The records:
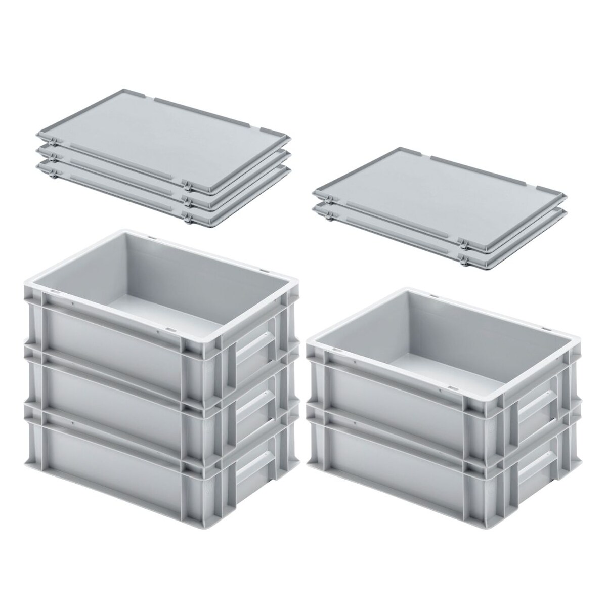 PROREGAL 5x Eurobehälter mit geschlossenem Griff und Scharnierdeckel | HxBxT 12x30x40cm | 11 Liter | Grau | Eurobox
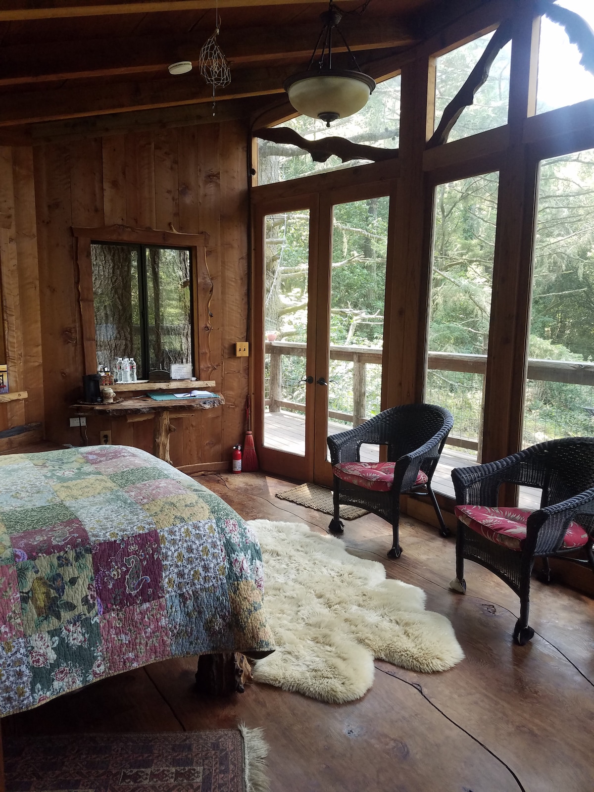 This rustic yet luxurious cabin is the perfect place to unplug. Walk through the woods, relax by a fire, and enjoy the food and wine of the Russian River Valley. 10 minutes from the beach. Minutes from Occidental, Graton, Forestville, and Guerneville. House has a full bathroom, bedroom downstairs with a Cal King bed and one upstairs with two twin beds. 5 acres in the redwoods, trampoline, fire pit area, high-speed Internet.
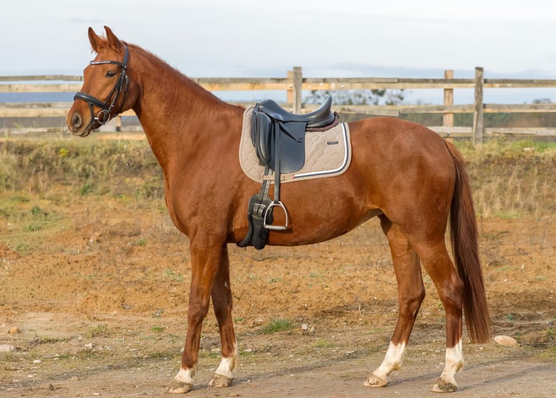 German Sport Horse Mare for Sale – Elegant Chestnut For sale is a beautiful German sport horse mare, born in 2020. With her striking chestnut coat and a height of 16.1 hh, she is a true eye-catcher both visually and in the sport. She is ideally suited for dressage and demonstrates plenty of talent along with a promising basic education. The mare is friendly, attentive, and well-ridden, making her an excellent partner for ambitious riders. Please feel free to contact me for more information or to arrange a personal impression!
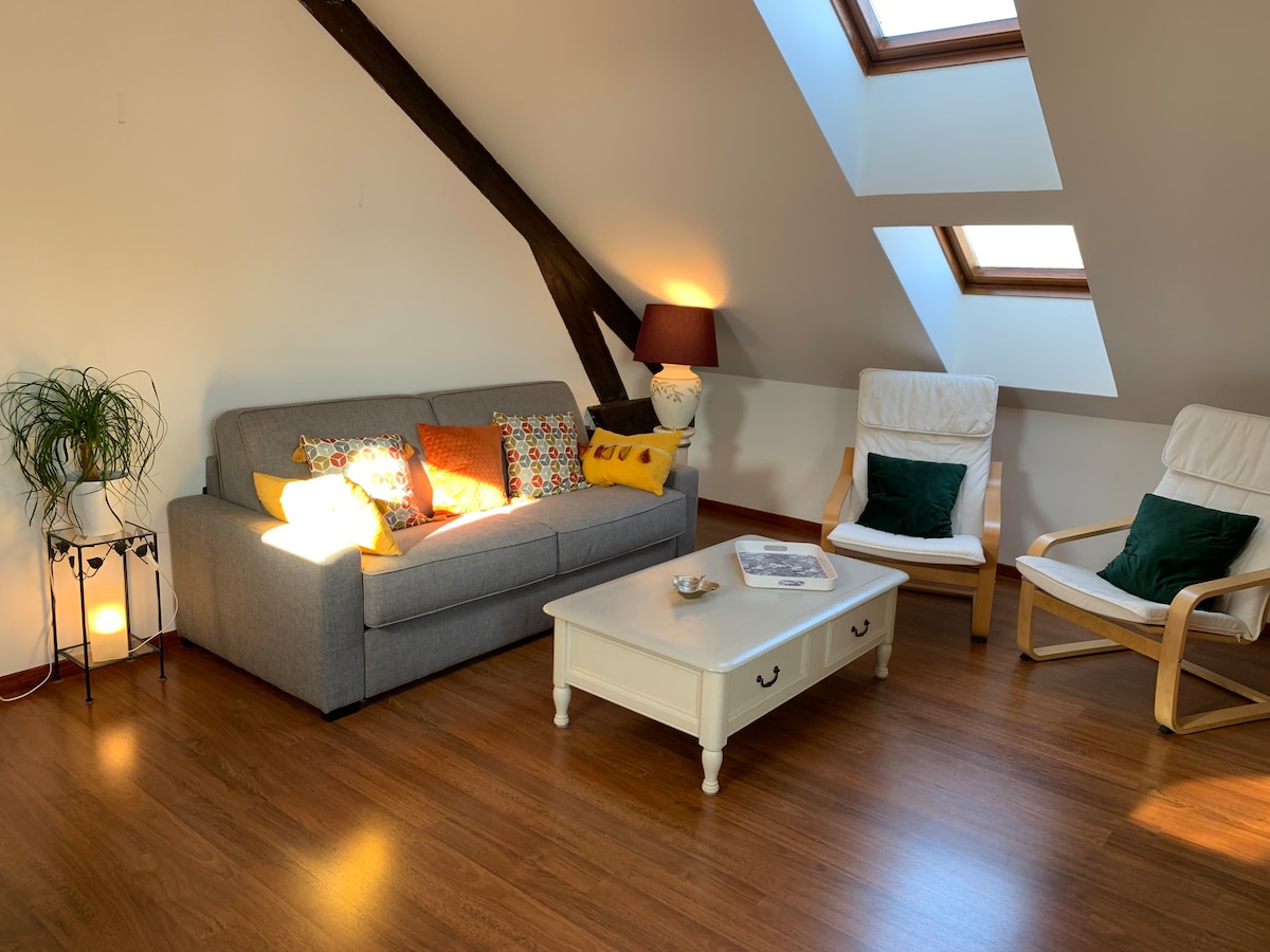 »Le Perchoir« je podobno strehi Troyesa, nobena druga nastanitev pa ponuja tako osupljiv razgled na zgodovinsko središče :) Zapeljala vas bodo storitve tega okusno urejenega in opremljenega stanovanja! ☆ Panoramski razgled na središče mesta ☆ Nahaja se 100 metrov od železniške postaje Center ☆ mesta 100 metrov od stanovanja ☆ 4K projektor ☆ Vrhunski zaključki Posteljnina ☆ Simmons 160x200 ☆ Vrhunski televizor in zvočni sistem ☆ Trgovine 1 min stran Potrebujete informacije? Stopite v stik z mano :)
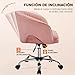 Yaheetech Silla de Oficina Silla de Terciopelo con Rudas Giratorias de 360° con Función de Inclinación Sillon para Trabajo Silla Altura Ajustable Tapizada de Terciopelo Rosa
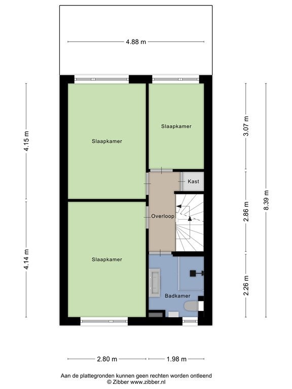 Op deze etage kunt u goed merken dat de doorgetrokken voorgevel veel extra ruimte geeft.
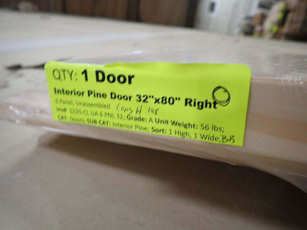 Interior Pine Door 32"x80" 6 PNL RH(Unassembled). Grade: A,This is a liquidated product. The Auction Company makes no express or implied representations or warranties of any kind regarding the Product. Any pre-existing retail, wholesale or manufacturer warranties will not transfer with the sale of this Product unless expressly stated otherwise on this page. The Buyer accepts the Product in as-is condition, with all faults. Weight: x. Sold by: Door. Sold as: Quantity X Price. Inventory #: 5220-CL UA 6 PNL 32 RH
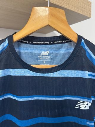 Camiseta de entrenamiento New Balance con un diseño de rayas. - Diseño de rayas en tonos azules y negros. - Tejido ligero y muy transpirable.

Instructions to follow:
Transcribe exactly, and without any pictures, each line from the one that holds "stik z mano :)" through the final line of the material above.

Final answer:
 »Le Perchoir« je podobno strehi Troyesa, nobena druga nastanitev pa ponuja tako osupljiv razgled na zgodovinsko središče :) Zapeljala vas bodo storitve tega okusno urejenega in opremljenega stanovanja! ☆ Panoramski razgled na središče mesta ☆ Nahaja se 100 metrov od železniške postaje Center ☆ mesta 100 metrov od stanovanja ☆ 4K projektor ☆ Vrhunski zaključki Posteljnina ☆ Simmons 160x200 ☆ Vrhunski televizor in zvočni sistem ☆ Trgovine 1 min stran Potrebujete informacije? Stopite v stik z mano :)
 Yaheetech Silla de Oficina Silla de Terciopelo con Rudas Giratorias de 360° con Función de Inclinación Sillon para Trabajo Silla Altura Ajustable Tapizada de Terciopelo Rosa
 Op deze etage kunt u goed merken dat de doorgetrokken voorgevel veel extra ruimte geeft.
 Interior Pine Door 32"x80" 6 PNL RH(Unassembled). Grade: A,This is a liquidated product. The Auction Company makes no express or implied representations or warranties of any kind regarding the Product. Any pre-existing retail, wholesale or manufacturer warranties will not transfer with the sale of this Product unless expressly stated otherwise on this page. The Buyer accepts the Product in as-is condition, with all faults. Weight: x. Sold by: Door. Sold as: Quantity X Price. Inventory #: 5220-CL UA 6 PNL 32 RH
 Camiseta de entrenamiento New Balance con un diseño de rayas. - Diseño de rayas en tonos azules y negros. - Tejido ligero y muy transpirable.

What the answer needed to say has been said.